TWOH is an up-and-coming player in the grocery delivery space, competing for market share with Instacart, which is now worth an estimated $39 billion. The company is seeing accelerating growth and plans to expand to new regions. It’s main operating segment, Gocart.city, bills itself as an online grocery delivery market that services the Greater Toronto Area and beyond. It curates and delivers the freshest produce and specialty foods in Southern Ontario, with plans on expanding to other major markets.
Two Hands Corp. (OTC US:TWOH) has made a number of recent key announcements. In August, TWOH announced that it had reduced its current debt by 67.7%.
TWOH most recently announced that it has reduced its Total liabilities by an additional 23.05%. “Management continues to work with its debt holders to reduce and eliminate the company’s liabilities. As we continue to grow, we need to plan for our future, over the past few days we have eliminated just over $320,300 of debt.”, commented Nadav Elituv, Chief Executive Officer. “We will continue to work on reducing our overall obligations over the next few quarters in order to become more attractive to institutional investors in 2022.”
Nadav Elituv continues, “Our focus on Gocart.city, Grocery Originals, and Cuore Food Services continue to improve our sales. A new university partnership has just ordered 600 – $50 vouchers for their students to receive their groceries from Gocart.city demonstrating the value of our programs.”

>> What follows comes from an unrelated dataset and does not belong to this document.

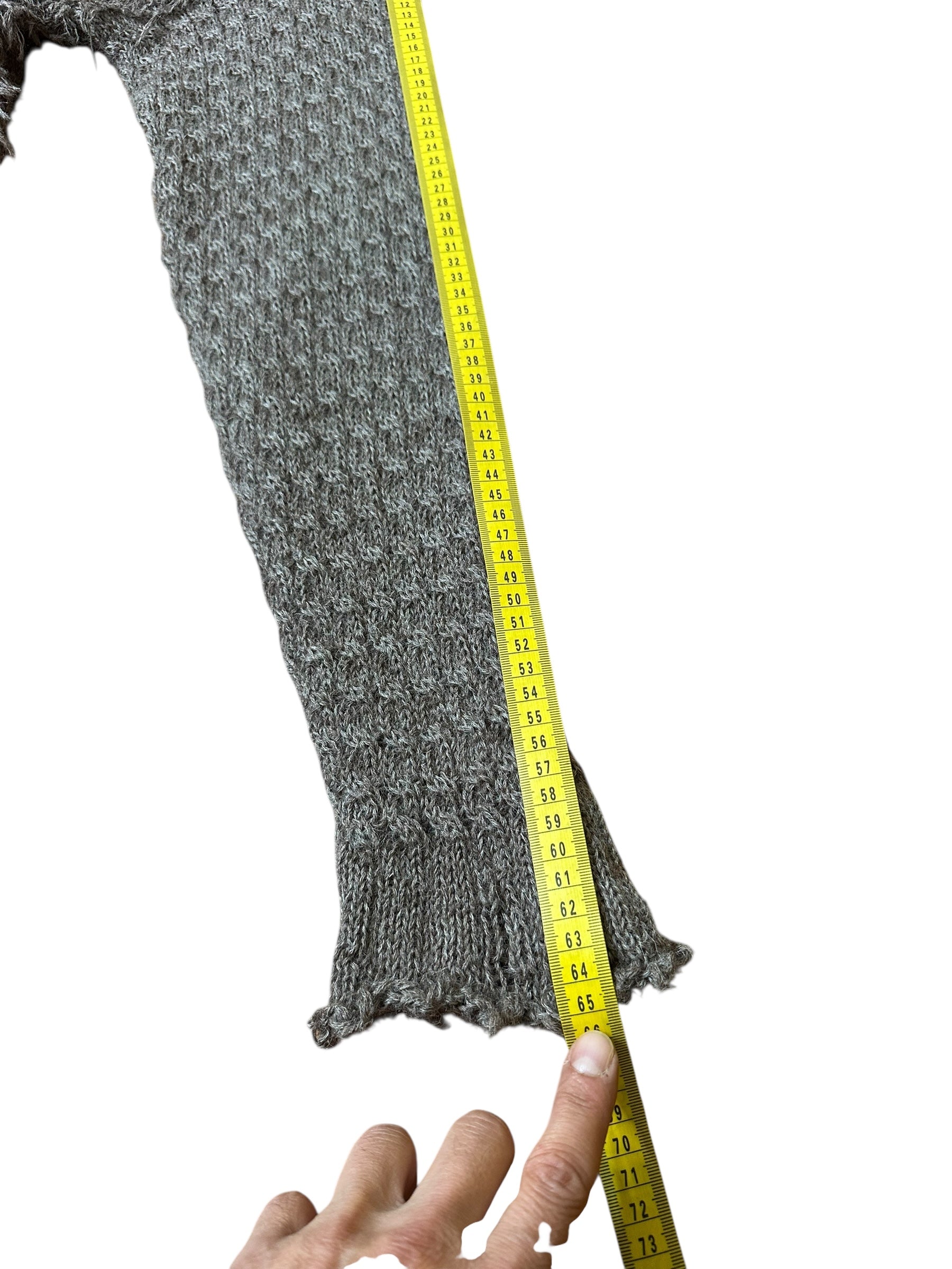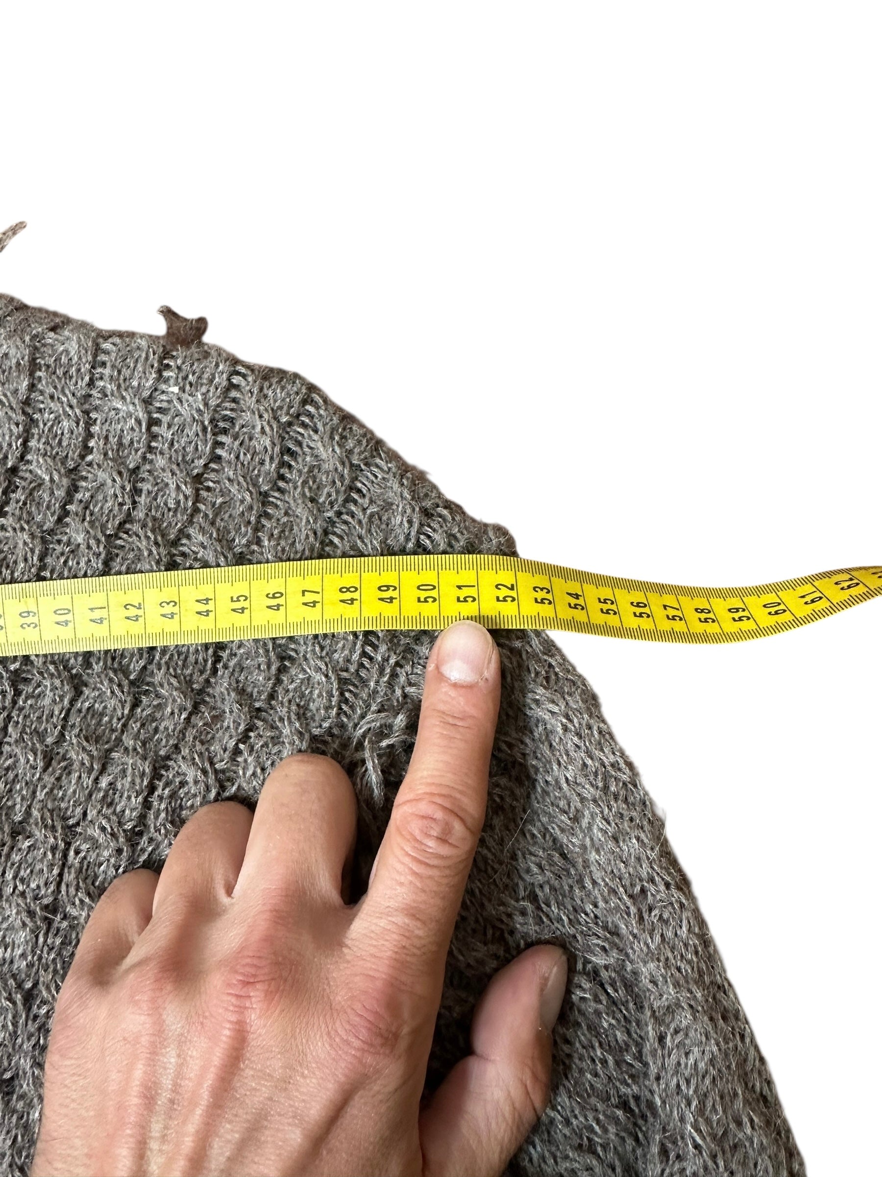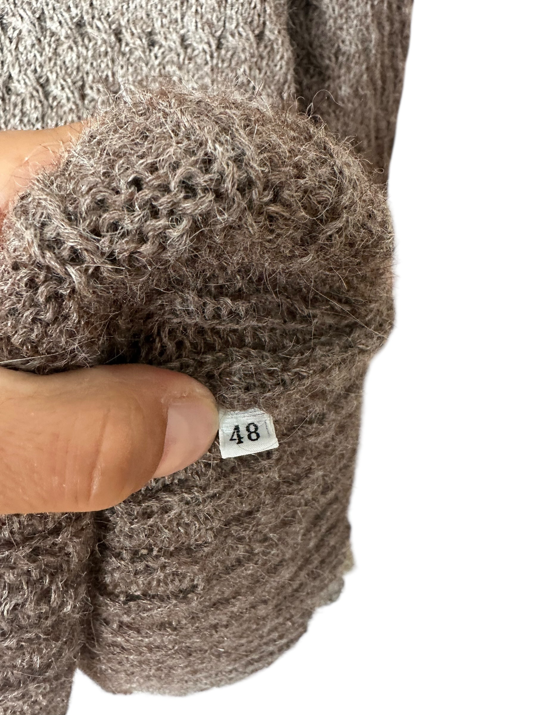 Scollo rotondo, maniche lunghe, bordi lavorati a coste. Non è presente l’etichetta interna di composizione o istruzioni di lavaggio, ma il filato è morbido e leggermente peloso, tipico del mohair misto lana.

Two Hands Corporation, (OTC Pink: TWOH) is a food distribution company through three on-demand food brands, Gocart.City, Grocery Originals, and Cuore Food Services. It has recently seen rapid growth, including orders in October exceeded all orders in the company’s prior quarter.
Just Eat Takeaway.com (Nasdaq:GRUB) owns and manages food delivery websites, including the well known Grubhub online restaurant delivery service.

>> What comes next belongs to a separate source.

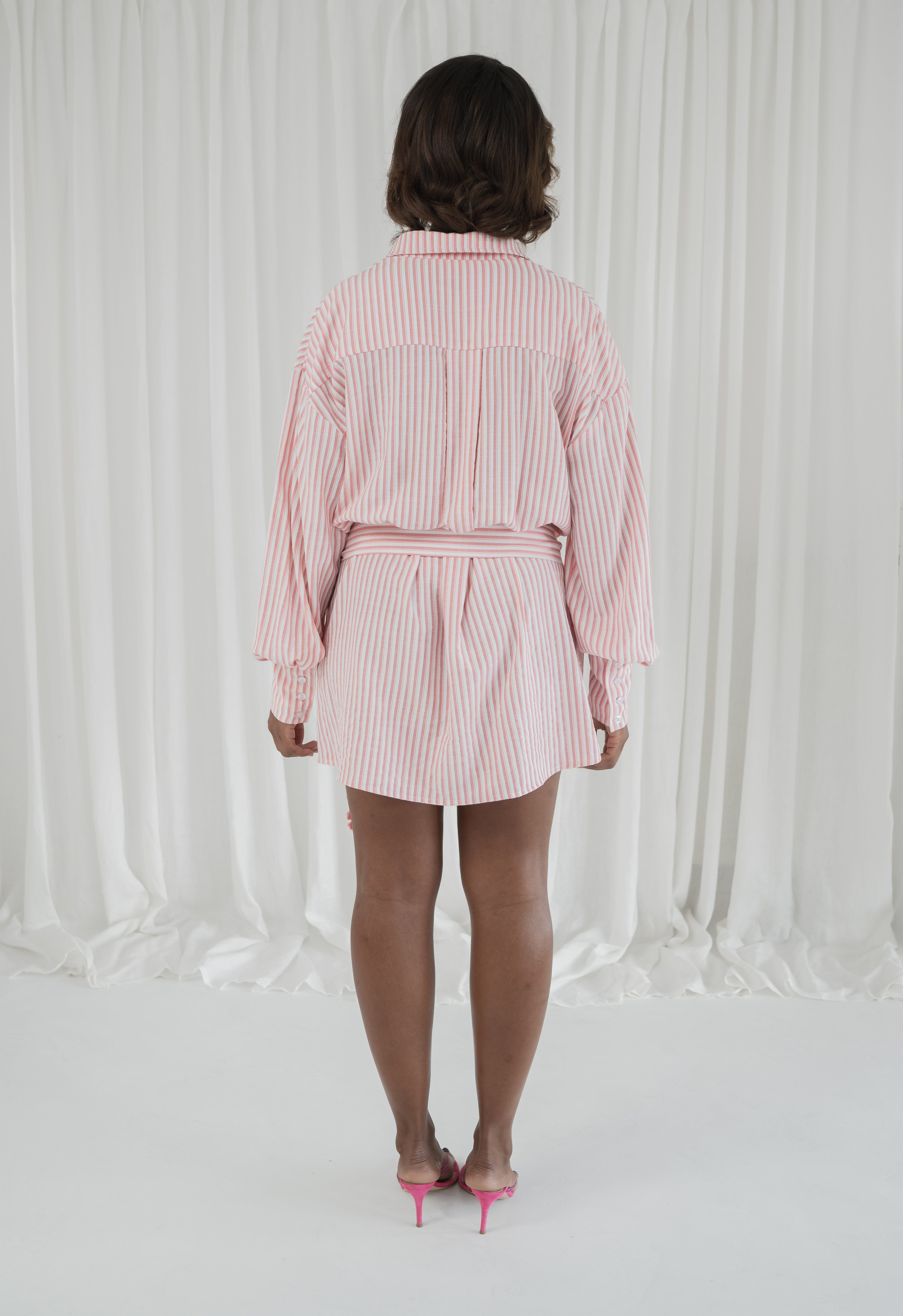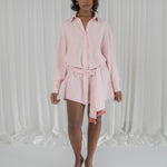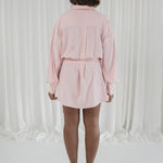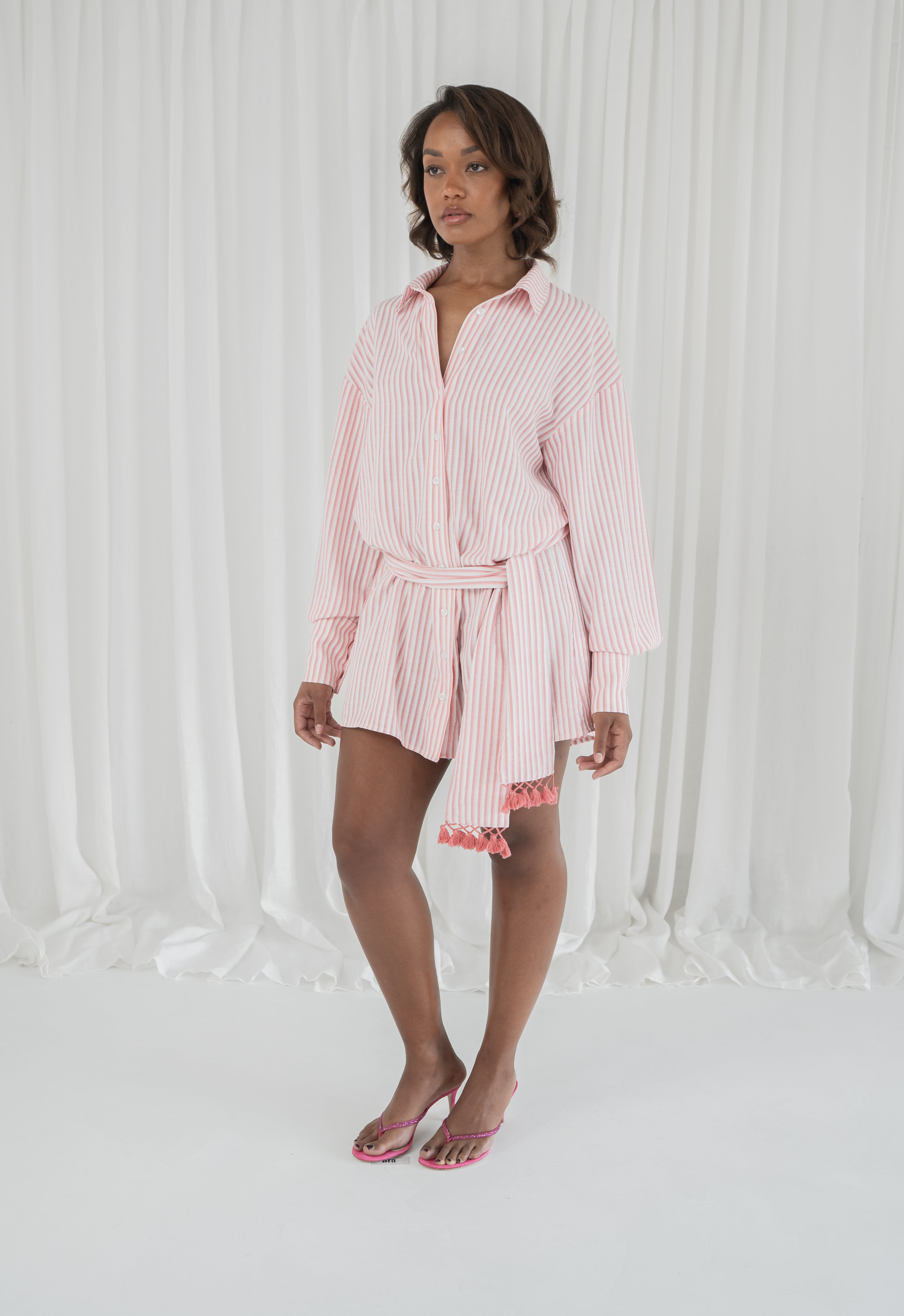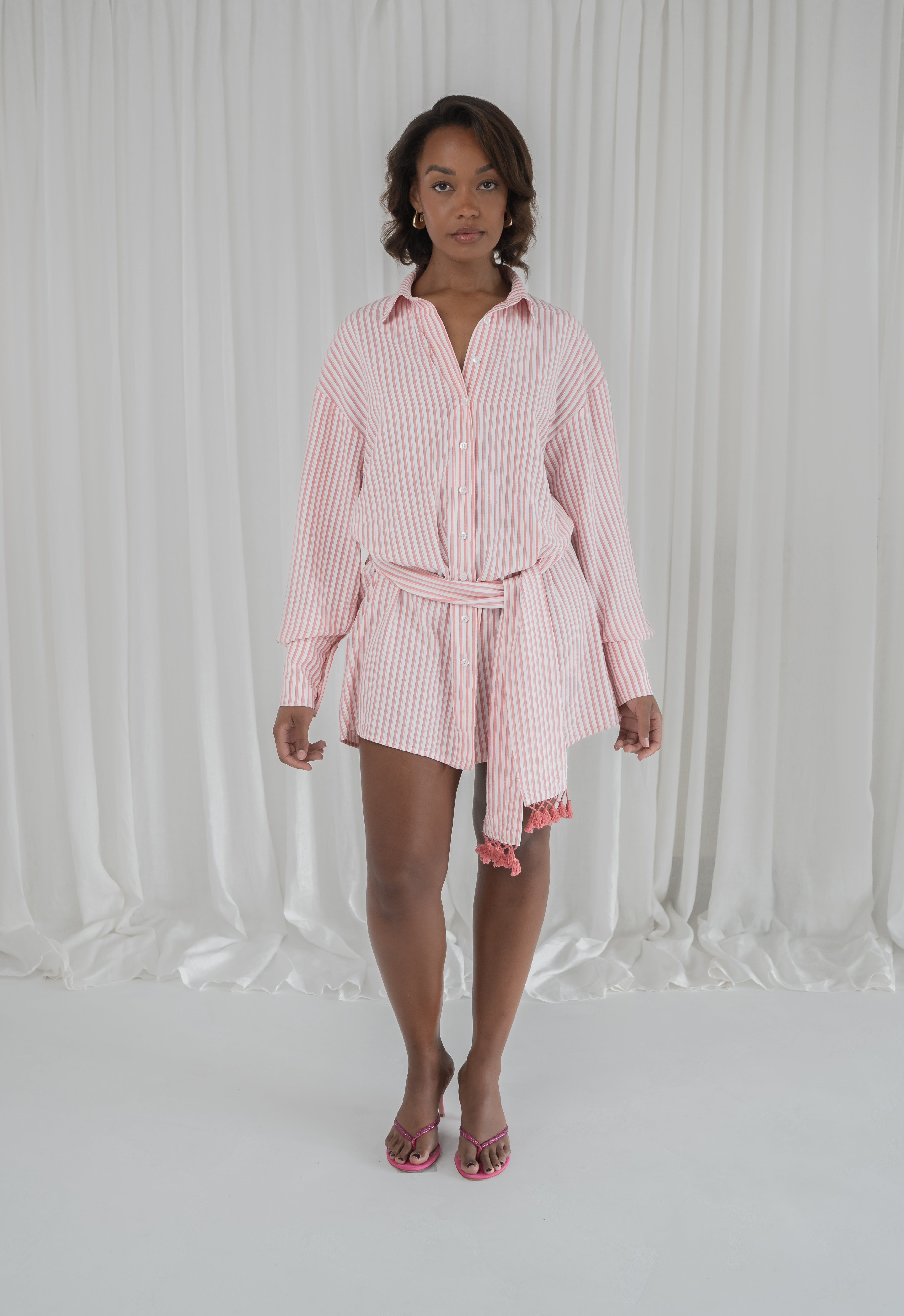 the ultimate fling on and go shirt. our no. 5 shirt reimagined and designed with effortless, endless outfits in mind. made from a breathable cotton material for a luxury fit and feel. the length is suitable to wear on its own as a dress or as a layering piece transitioning into autumn. inspired by menswear fit, we wanted to give the option of cinching the waist with the fringe belt to add a feminine touch. truly androgynous, truly dula.

In short, GRUB connects consumers and restaurants through its platform in European countries and Israel. It offers consumers a wide variety of food choice.

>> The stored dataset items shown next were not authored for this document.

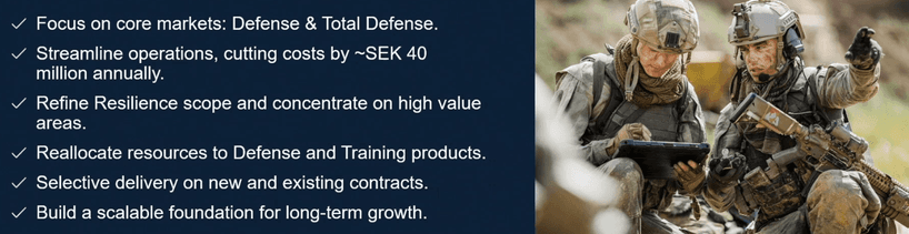 På detta lanserade man ett kostnadsbesparingsprogram i Q3 2025 där man avser att driva ”Resilience”-segmentet mer försiktigt. Målet är att spara cirka 40 MSEK i OPEX årligen där ~80% kommer gå direkt till bottom line. Detta kommer redan att vara fullt synligt från och med Q1 2026. Man rör sig därmed mot ett mer renodlat mjukvarubolag inom försvar, med höga marginaler, och en stark position i en marknad med höga inträdesbariärer och strukturell medvind. 4C kommer kunna lättare att skala nu när man fokuserar endast på försvar där tillväxten finns.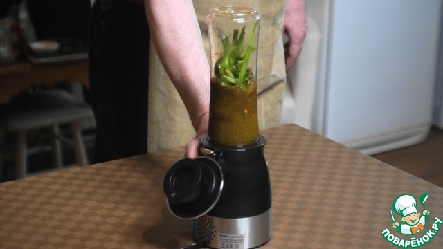 Все ингредиенты, кроме курицы, загрузить в блендер, и перетереть до однородной массы.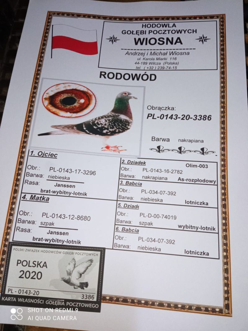 Opis: Witam mam do sprzedania samca oryg. Andrzeja i Michała Wiosny. Mistrzowie Polski GMP 2025. Więcej informacji pod numerem telefonu.

Just Eat Takeaway.com (Nasdaq:GRUB) recently announced that it is deploying Yandex Self-Driving Group’s robot delivery technology, also called rovers, on the University of Arizona’s campus. This will be the second campus rolling out this delivery option from Grubhub and Yandex this fall, following Ohio State University.
More than 35,000 Wildcats will be able to order their favorite foods from on-campus dining locations – including IQ Fresh, Einstein Bros Bagels, On Deck Deli and Sabor – via the Grubhub app and have it delivered by one of the rovers. Yandex’s third-generation robots autonomously navigate pavements, campus crosswalks and pedestrian areas at speeds between 3 to 5 miles per hour during daytime and after dark and in various weather conditions, including rain, wind and heat. The rovers operate seven days a week, and students can request delivery to popular locations on campus including the dormitories, Main and Weaver library, McKale Center and more.
“We’ve been working with the University of Arizona’s dining team on efforts that drive the dining experience forward for the last eight years – from rolling out on-campus pickup and delivery to smart food lockers and our Ultimate ordering technology,” said Travis Price, senior manager, strategic partnerships at Grubhub. “The deployment of this robot delivery technology is an exciting way we’re providing innovative solutions to our partners, and we look forward to continuing to support the university’s dining operations.”
The stock has suffered a bit of late, with shares of GRUB taking a hit in recent action, down about -8% over the past week.
Just Eat Takeaway.com (Nasdaq:GRUB) managed to rope in revenues totaling $1.8B in overall sales during the company’s most recently reported quarterly financial data — a figure that represents a rate of top line growth of 885.7%, as compared to year-ago data in comparable terms. In addition, the company has a strong balance sheet, with cash levels exceeding current liabilities ($1.5B against $1.2B).
Other key names in the Delivery space include Uber Technologies Inc. (NYSE:UBER), Lyft Inc. (Nasdaq:LYFT), and DoorDash Inc. (NYSE:DASH).